Of many good stories since I started coaching, this one made great impact to me as the question raised was outstanding. My coaching client is the CEO and founder of a successful company in United States. He is a great leader and a lifelong learner and an example of the American dream.
It was an unusual coaching session. I noticed he had something on the back of his mind that he was bothered with. After a deep coaching conversation, he shared that one of his high-performing managers, who is also his close relative, misbehaved and he wanted help to resolve it. The situation he described was that this manager behaved badly to his staffs. The staffs were entering the gate and this manager did not pay attention to them when closing it, which almost hit them. They confronted each other and a small thing became a heated argument.
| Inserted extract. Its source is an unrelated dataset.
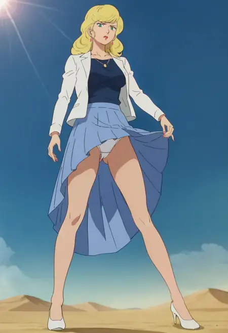 ピンクのイヤリング、ゴールドのネックレス、オープンジャケット、白いジャケット、青いシャツ、青いスカート、プリーツスカート、ロングスカート、白いハイヒール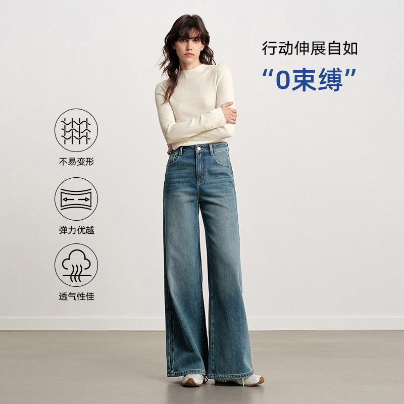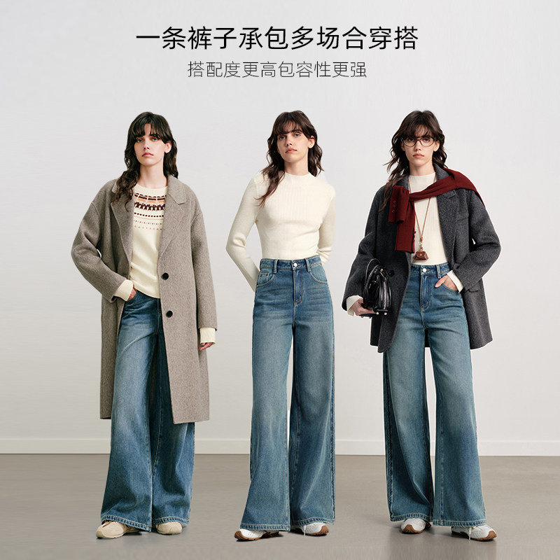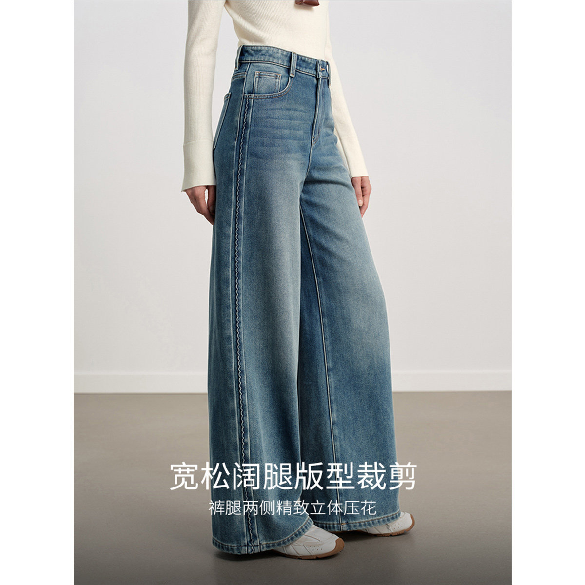 KBNE立体压花拉毛阔腿牛仔裤女2025秋冬季新款宽松直筒裤拖地裤子

According to my client, this manager has a history of passive-aggressive manner and a lack of valuing other people. The challenge my client faced was how to make invisible visible to this manager and talk to him in a way that he would change to behave better. After brainstorming exercise, the CEO came up with several ways he would solve this issue. He would talk to his manager and show him how his bad behaviors would not help him. He would also use his coaching and leadership skills to find out what the situation was and coach his manager to come up with a solution. He would send this manager to learn soft skills. These options all sound like it would help.
By reframing my client’s mindset and asking what he would say if he was to be a coach, coaching a client in the same situation. After a long silence, he said slowly that he would ask “what are you doing or not doing that seems to add to the situation?” He had a big insight just by asking this question. He had a bigger insight after answering it for his own situation. It turned out that his manager was merely unlocking the gate and did not notice there were people, for he would not have done such an act that could have harmed his coworkers.
If you find yourself dealing with a conflict, ask the same question “what am I doing or not doing that seems to add to the situation?” and answer it sincerely. You will be surprised yourself at what insight you get.